Studies Show ChemoLock Prevents Hazardous Drug Surface Contamination and Provides a Completely Dry Disconnect

Studies from researchers at Nebraska Methodist Hospital and University of Nebraska Medical Center showing the effectiveness of the newly launched system were presented yesterday at the American Society for Health-System Pharmacists Midyear meeting in Orlando, FL

ICU Medical ChemoLock Syringe

ORLANDO, Florida, December 12, 2013 – ICU Medical, Inc. (NASDAQ: ICUI) today announced that two new studies presented yesterday at the American Society of Health-System Pharmacists (ASHP) Midyear Meeting and Exhibition in Orlando demonstrated that the company’s newly launched ChemoLockTM closed system transfer device (CSTD) prevents hazardous drug surface contamination while eliminating leakage and providing a completely dry disconnect.

ChemoLock is the first and only needlefree CSTD to receive United States Food and Drug Administration (FDA) 510(k) clearance for pharmacy applications (product code ONB), as well as patient administration applications (product code FPA) and was officially launched this week at the ASHP meeting.

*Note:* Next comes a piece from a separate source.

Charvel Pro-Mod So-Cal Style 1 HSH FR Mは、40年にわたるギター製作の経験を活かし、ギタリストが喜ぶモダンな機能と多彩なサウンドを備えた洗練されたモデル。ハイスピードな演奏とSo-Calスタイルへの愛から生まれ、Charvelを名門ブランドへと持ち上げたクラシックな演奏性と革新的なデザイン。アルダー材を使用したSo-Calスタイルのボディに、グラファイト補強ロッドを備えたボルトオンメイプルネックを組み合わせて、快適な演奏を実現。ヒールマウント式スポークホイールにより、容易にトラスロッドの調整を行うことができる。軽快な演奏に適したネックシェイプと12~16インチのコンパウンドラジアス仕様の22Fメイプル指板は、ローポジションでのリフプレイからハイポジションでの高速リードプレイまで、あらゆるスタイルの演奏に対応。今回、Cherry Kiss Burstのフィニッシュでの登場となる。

The studies, performed by researchers at Nebraska Methodist Hospital and University of Nebraska Medical Center,  are the first independent studies to verify the efficacy of the ChemoLock system. ChemoLock is designed to provide a new standard of safety for hazardous drug preparation, transportation, administration and disposal. The system prevents the escape of hazardous drug or vapor concentrations outside the system, blocks the transfer of bacteria and other environmental contaminants into the system, and eliminates needlestick injuries while keeping patients and clinicians safe from hazardous drug exposure.


In the first study, titled Evaluation of FDA-Approved ONB Closed-System Transfer Devices Utilizing Cyclophosphamide as a Marker, researchers performed surface wipe studies to determine the pre- and post- preparation levels of hazardous drugs on working surfaces, comparing the ChemoLock with Beckton Dickinson’s PhaSeal® system. For the ChemoLock system, no cyclophosphamide (CP) was detected on working surfaces or the compounders’ gloves following the preparations. For the PhaSeal system, CP was detected on the biological safety workbench following two of the trials and on one occasion the internal needle of the product became unintentionally exposed with a fluid droplet observed on the needle tip.

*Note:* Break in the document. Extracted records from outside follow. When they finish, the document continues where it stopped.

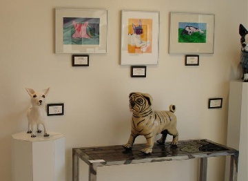 We chose to limit our art to dogs and cats - mine being paintings and his being ceramic sculptures. PY began working on his art in December - I didn't even want to think about it back then! But his ceramic sculptures take much longer for him to do than my paintings do for me, so it was smart of him to get started early. He created 10 sculptures and I had 12 paintings.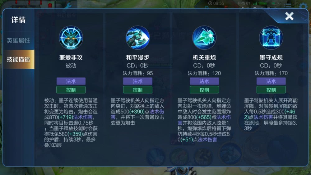 可以看出墨子不管是被动还是技能都是有控制效果的,可以算是“控制界”数一数二的了。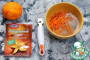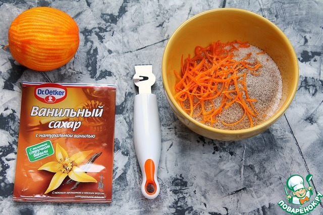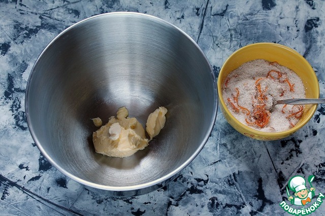 ТЕСТО:В чашу с сахаром и ванильным сахаром добавить цедру и растереть.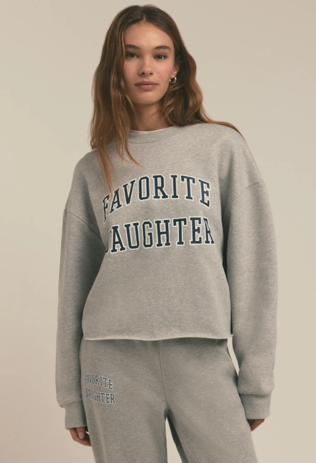 Give it the old college try with our cropped collegiate sweatshirt. With the drop shoulder and relaxed fit, this collegiate classic will go to the head of the class (and your closet).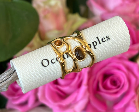 18ct Gold Plated Tiger's Eye Triple Band Ring

In the second study, titled pH Liquid Integrity Test of FDA-Approved ONB Closed-System Transfer Devices, the researchers used litmus paper to test for simulated hazardous drug residual on the ChemoLock system components following 20 drug preparations and compared that to residual left on the PhaSeal system components and on a traditional needle and syringe after an equivalent number of preparations. Based on this testing, researchers observed that there was no leakage with the ChemoLock system but that visible leakage occurred with 1.7% of PhaSeal system preparations and 43% of traditional needle and syringe mixes.

The study conclusion stated that both CSTDs provided substantial improvement in safety over compounding with a needle and syringe but that PhaSeal “had two failed manipulations in a relatively small sample size.” They added “the ChemoLock product had no litmus paper color changes and no visible droplets evident during manipulations.”

The ChemoLock system consists of easy to use needlefree components that connect with an audible click, cannot be deactivated, and will passively aid in preventing both needlestick injuries and exposure to cytotoxic medications. No complex assembly is required prior to usage and the system remains completely closed throughout the entire safe handling process—including preparation, transportation, administration, and disposal—assuring both patient and caregiver safety as well as the sterility of the prepared medication.